Language of document :

Arrest van het Hof (Grote kamer) van 3 juni 2021 – Hongarije / Europees Parlement

(Zaak C-650/18)1

(Beroep tot nietigverklaring – Artikel 7, lid 1, VEU – Resolutie van het Europees Parlement over een voorstel houdende een verzoek aan de Raad van de Europese Unie om te constateren dat er een duidelijk gevaar bestaat dat een lidstaat zich schuldig maakt aan een ernstige schending van de waarden waarop de Unie berust – Artikelen 263 en 269 VWEU – Bevoegdheid van het Hof – Ontvankelijkheid van het beroep – Voor beroep vatbare handeling – Artikel 354 VWEU – Regels voor het tellen van de stemmen bij het Parlement – Reglement van het Parlement – Artikel 178, lid 3 – Begrip „uitgebrachte stemmen” – Onthoudingen – Beginselen van rechtszekerheid, gelijke behandeling, democratie en loyale samenwerking)

Procestaal: Hongaars

Partijen

Verzoekende partij: Hongarije (vertegenwoordigers: aanvankelijk door M. Z. Fehér, G. Tornyai en Zs. Wagner, vervolgens door M. Z. Fehér, gemachtigden)

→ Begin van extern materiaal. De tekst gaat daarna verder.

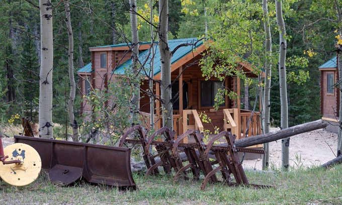 The Navajo Cabin, located just a short walk from the Southfork of the Colorado River, features a large deck with a gas grill and a private fire pit for a more intimate experience during your stay! Inside, the cabin offers cozy accommodations for six to eight people, featuring a queen-sized bed in one room, a set of bunk beds, a sleeping loft with two twin mattresses, and an open living room with a full-sized futon. Complete with a full bathroom and a well-equipped kitchen, it has everything you need for a comfortable stay.

Verwerende partij: Europees Parlement (vertegenwoordigers: F. Drexler, N. Görlitz en T. Lukácsi, gemachtigden)

Interveniënte aan de zijde van verzoekende partij: Republiek Polen (vertegenwoordiger: B. Majczyna, gemachtigde)

Dictum

Het beroep wordt verworpen.

Hongarije wordt verwezen in zijn eigen kosten alsmede in die van het Europees Parlement.

De Republiek Polen draagt haar eigen kosten.

____________

1 PB C 436 van 3.12.2018.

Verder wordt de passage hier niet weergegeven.